-------- Information provided --------

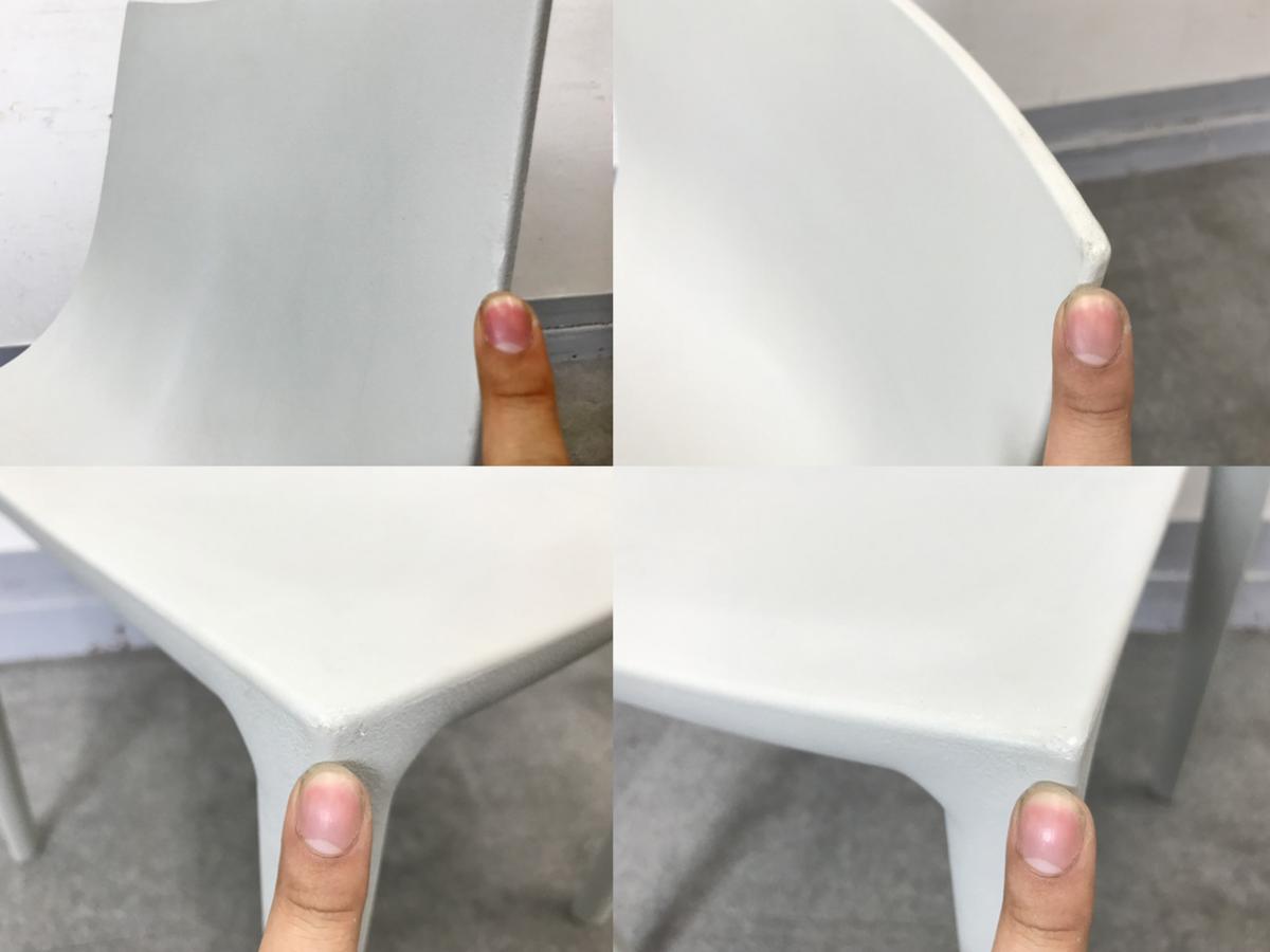 - かなり強い濃い黄ばみ・変色が商品全体にある。(例、座面・背もたれ、脚部等にある。)
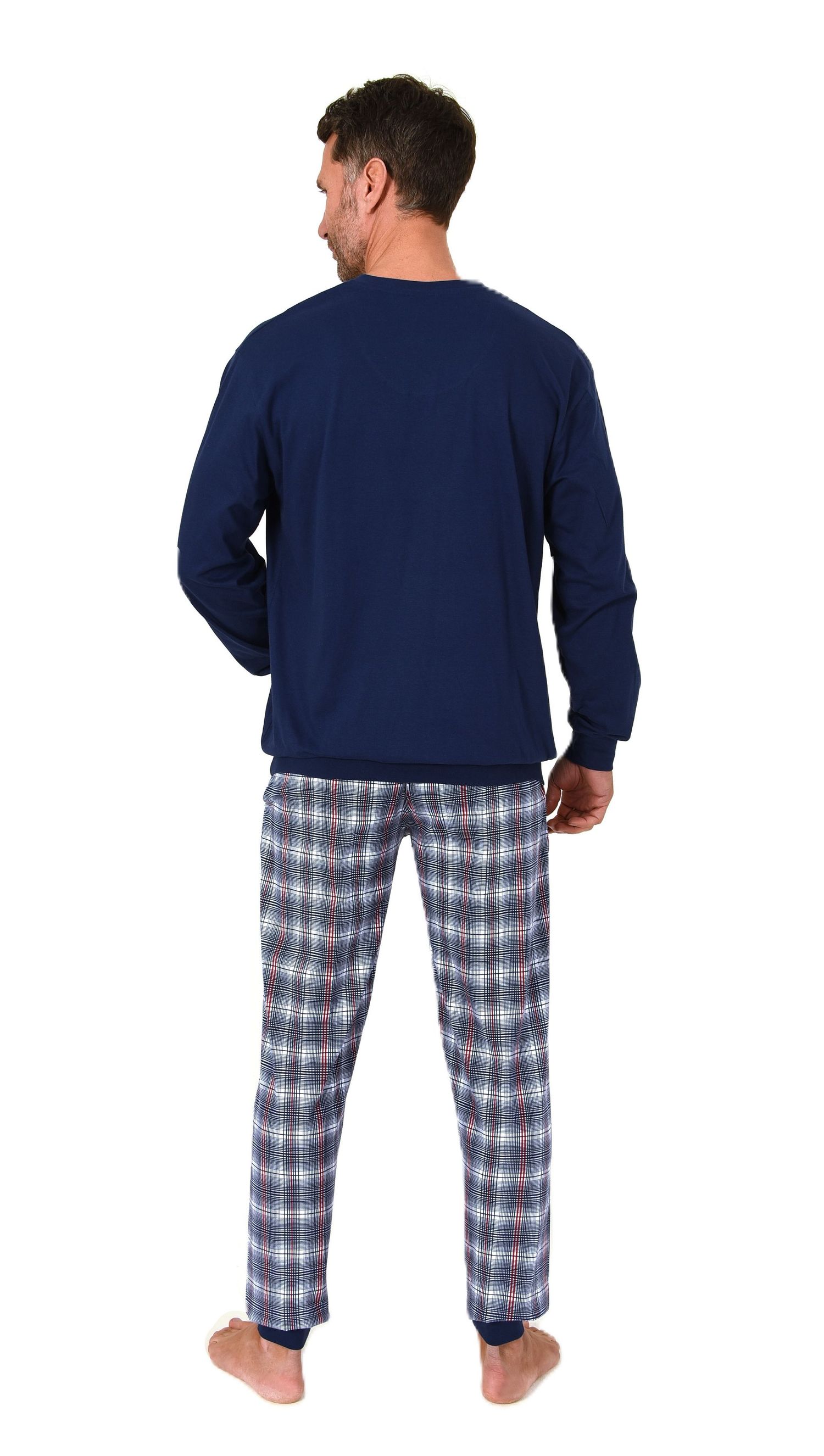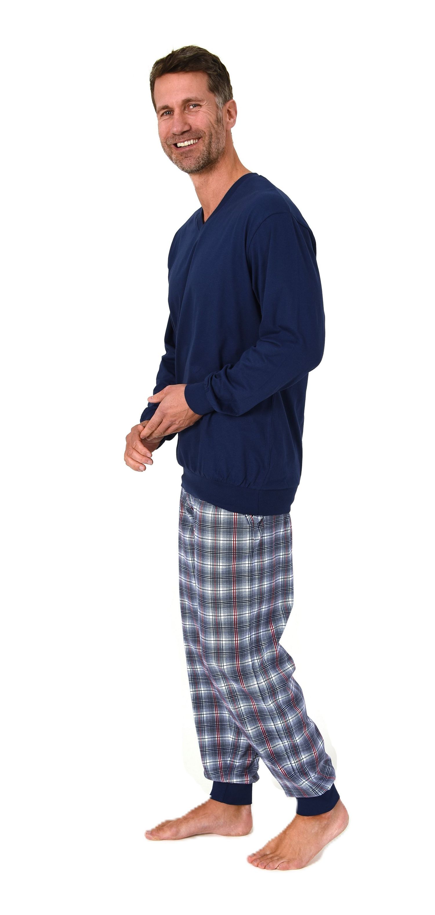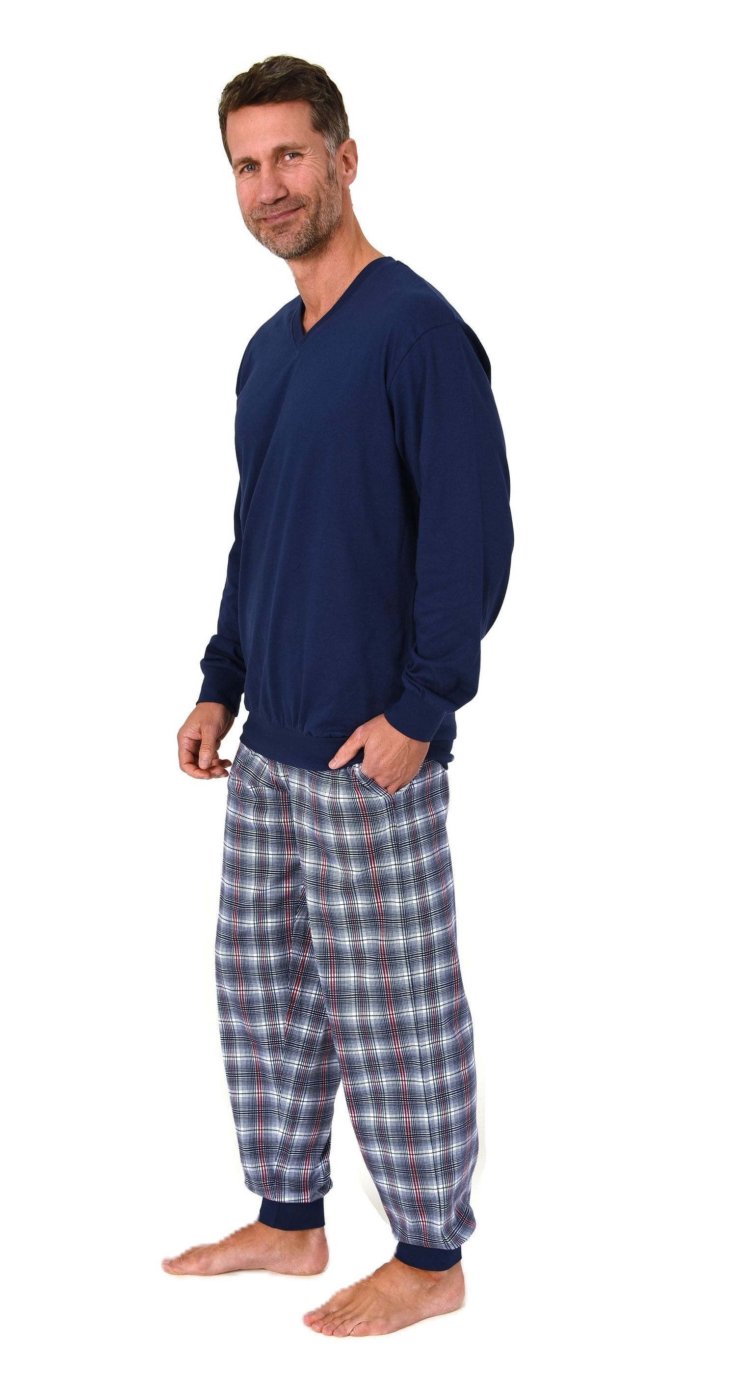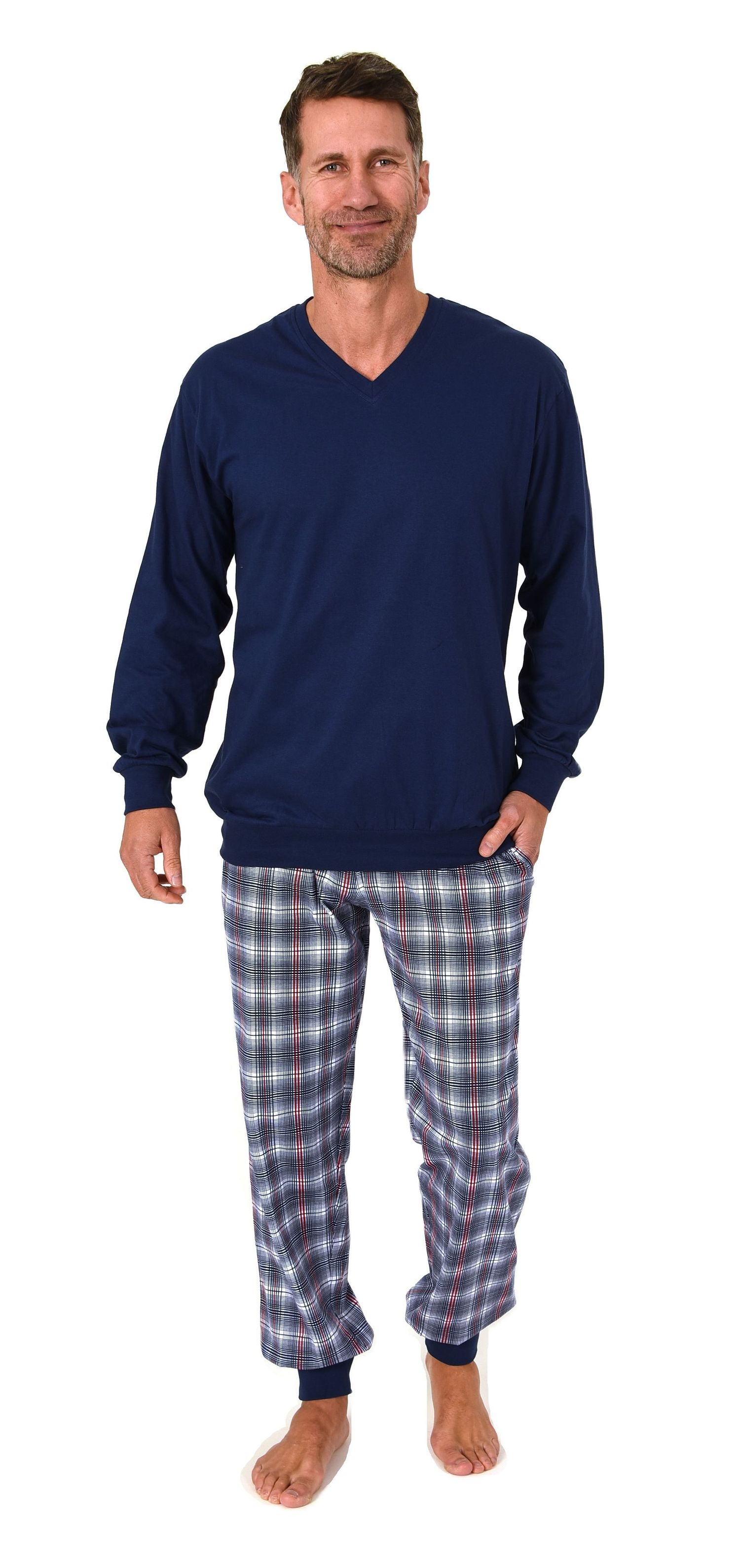 Normann Herren Schlafanzug lang mit Bündchen und Jersey Karo Hose – auch in Übergrößen
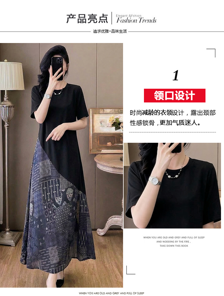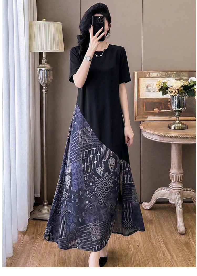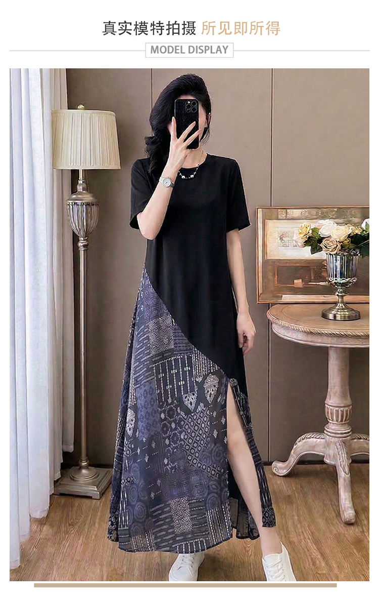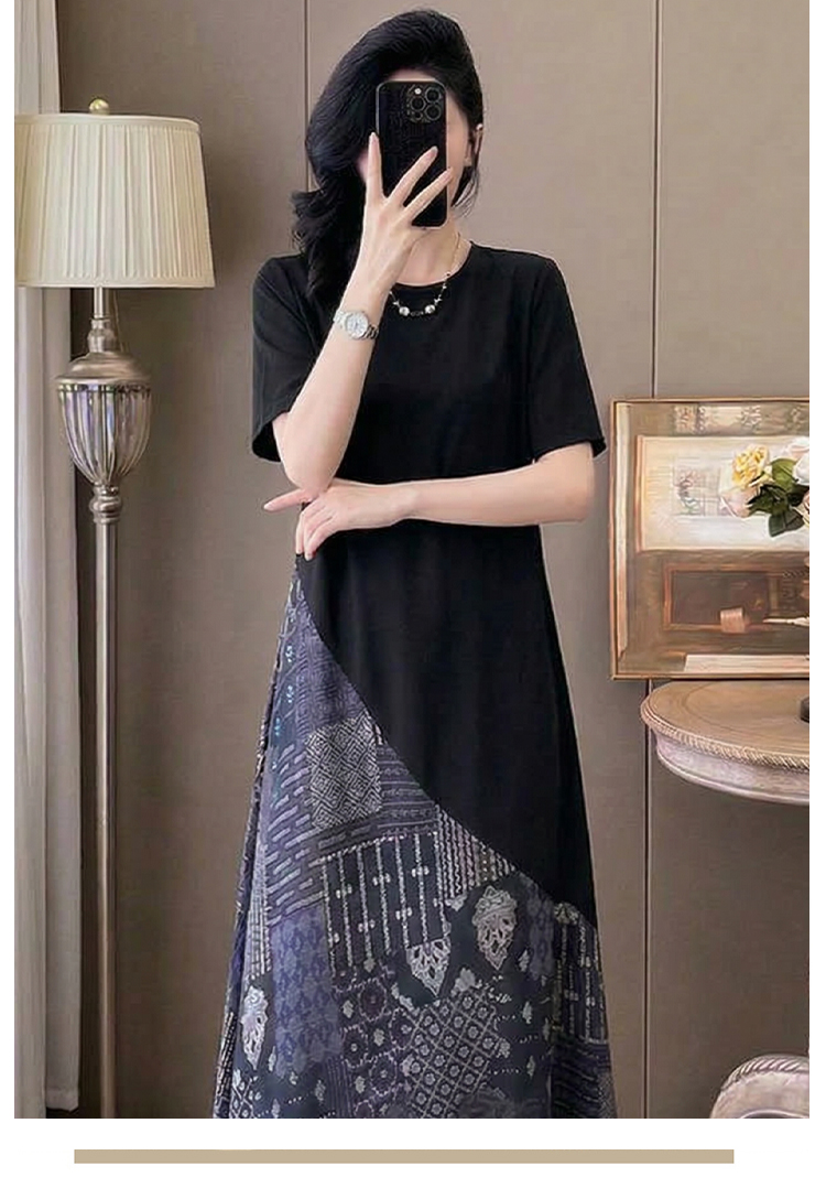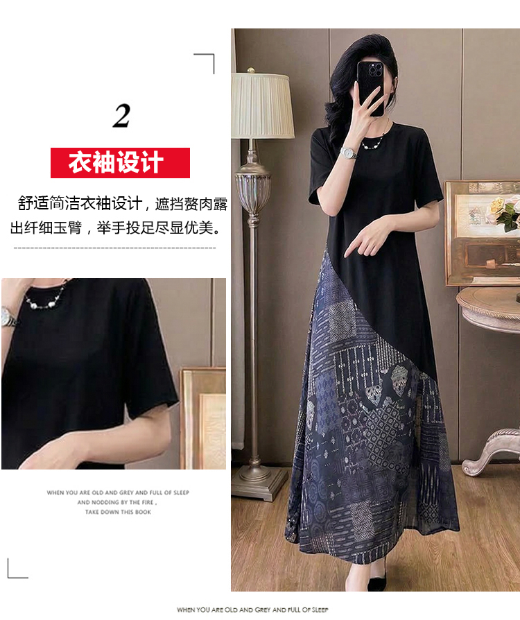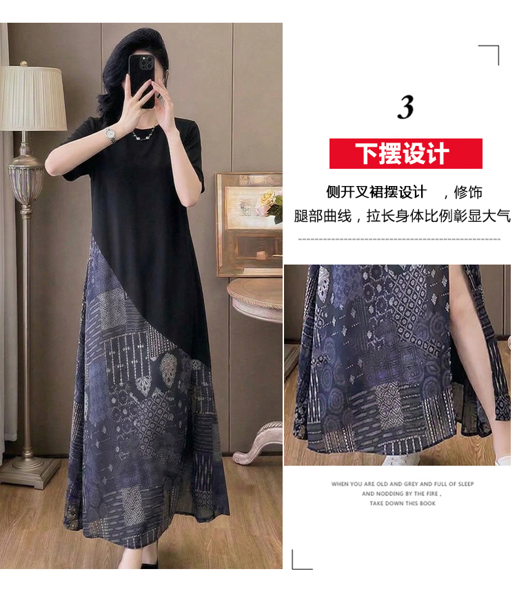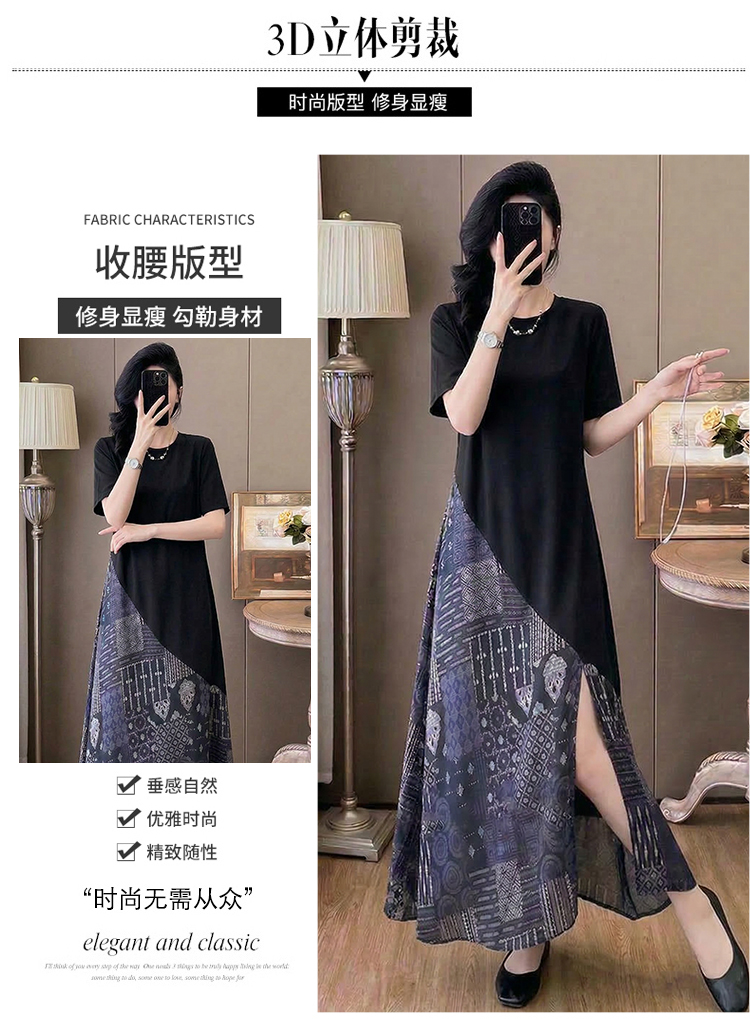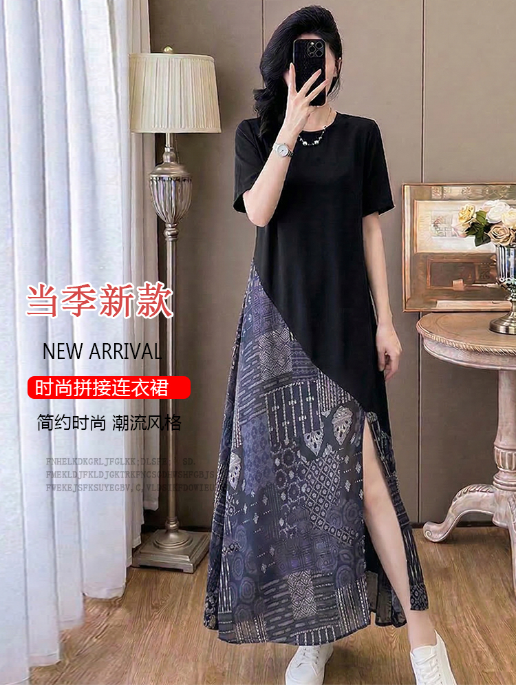 RY1607# 2026夏季新款法式轻奢时尚高端印花拼接名族风中长款显瘦连衣裙女
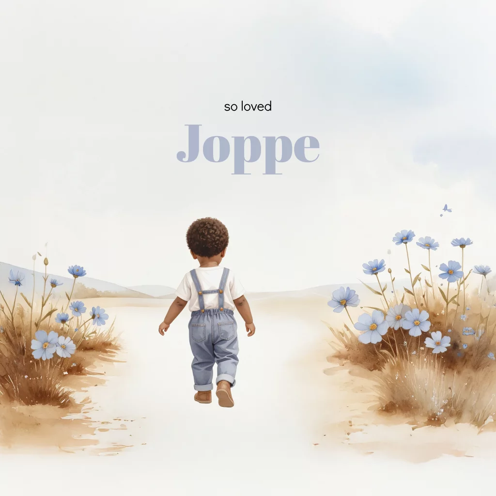 Geboortekaartje voor een jongen met aquarel tekening van een strand met bloemen waar het jongetje tussen loopt. Pas de teksten, lettertypes en kleuren van dit geboortekaartje Joppe eenvoudig aan in de editor.

--------

__Action item__: Restate the whole listing above exactly, except for its images.

__Reply__:
 - かなり強い濃い黄ばみ・変色が商品全体にある。(例、座面・背もたれ、脚部等にある。)
 Normann Herren Schlafanzug lang mit Bündchen und Jersey Karo Hose – auch in Übergrößen
 RY1607# 2026夏季新款法式轻奢时尚高端印花拼接名族风中长款显瘦连衣裙女
 Geboortekaartje voor een jongen met aquarel tekening van een strand met bloemen waar het jongetje tussen loopt. Pas de teksten, lettertypes en kleuren van dit geboortekaartje Joppe eenvoudig aan in de editor.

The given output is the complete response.